╭──

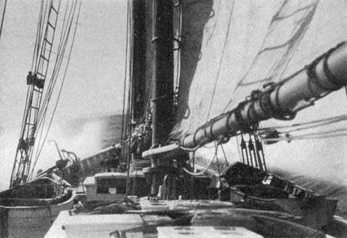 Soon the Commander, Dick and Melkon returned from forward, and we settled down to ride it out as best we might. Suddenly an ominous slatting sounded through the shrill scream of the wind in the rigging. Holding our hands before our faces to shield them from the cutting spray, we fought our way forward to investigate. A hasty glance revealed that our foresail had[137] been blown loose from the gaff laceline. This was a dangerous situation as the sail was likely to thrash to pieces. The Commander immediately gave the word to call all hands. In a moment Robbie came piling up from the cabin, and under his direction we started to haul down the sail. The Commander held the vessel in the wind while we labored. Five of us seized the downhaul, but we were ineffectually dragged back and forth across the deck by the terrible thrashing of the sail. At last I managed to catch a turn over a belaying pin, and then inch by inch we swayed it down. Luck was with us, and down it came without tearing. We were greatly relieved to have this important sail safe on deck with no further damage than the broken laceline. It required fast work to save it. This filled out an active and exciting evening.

╰──
╭──

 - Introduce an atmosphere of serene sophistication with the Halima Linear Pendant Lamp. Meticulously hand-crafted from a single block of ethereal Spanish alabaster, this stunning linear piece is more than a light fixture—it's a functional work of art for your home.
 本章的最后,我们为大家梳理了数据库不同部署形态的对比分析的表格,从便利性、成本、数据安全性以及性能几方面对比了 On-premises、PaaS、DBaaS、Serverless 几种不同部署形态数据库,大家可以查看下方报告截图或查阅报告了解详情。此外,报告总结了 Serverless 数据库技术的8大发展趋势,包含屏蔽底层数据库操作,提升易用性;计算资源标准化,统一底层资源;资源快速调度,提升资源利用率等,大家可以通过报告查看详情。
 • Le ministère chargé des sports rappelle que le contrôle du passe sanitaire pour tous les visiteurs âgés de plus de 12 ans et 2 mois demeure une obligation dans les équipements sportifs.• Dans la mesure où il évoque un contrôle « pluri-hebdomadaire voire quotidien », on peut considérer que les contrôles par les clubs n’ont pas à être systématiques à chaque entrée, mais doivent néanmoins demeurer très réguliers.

╰──

• _WHAT IS BEING ASKED_
The range runs from the line with "- Introduce an" up to and including the line with "demeurer très réguliers." in the listing above; please write out exactly those lines and nothing more.

• _ANSWER FOR THIS EXERCISE_
 - Introduce an atmosphere of serene sophistication with the Halima Linear Pendant Lamp. Meticulously hand-crafted from a single block of ethereal Spanish alabaster, this stunning linear piece is more than a light fixture—it's a functional work of art for your home.
 本章的最后,我们为大家梳理了数据库不同部署形态的对比分析的表格,从便利性、成本、数据安全性以及性能几方面对比了 On-premises、PaaS、DBaaS、Serverless 几种不同部署形态数据库,大家可以查看下方报告截图或查阅报告了解详情。此外,报告总结了 Serverless 数据库技术的8大发展趋势,包含屏蔽底层数据库操作,提升易用性;计算资源标准化,统一底层资源;资源快速调度,提升资源利用率等,大家可以通过报告查看详情。
 • Le ministère chargé des sports rappelle que le contrôle du passe sanitaire pour tous les visiteurs âgés de plus de 12 ans et 2 mois demeure une obligation dans les équipements sportifs.• Dans la mesure où il évoque un contrôle « pluri-hebdomadaire voire quotidien », on peut considérer que les contrôles par les clubs n’ont pas à être systématiques à chaque entrée, mais doivent néanmoins demeurer très réguliers.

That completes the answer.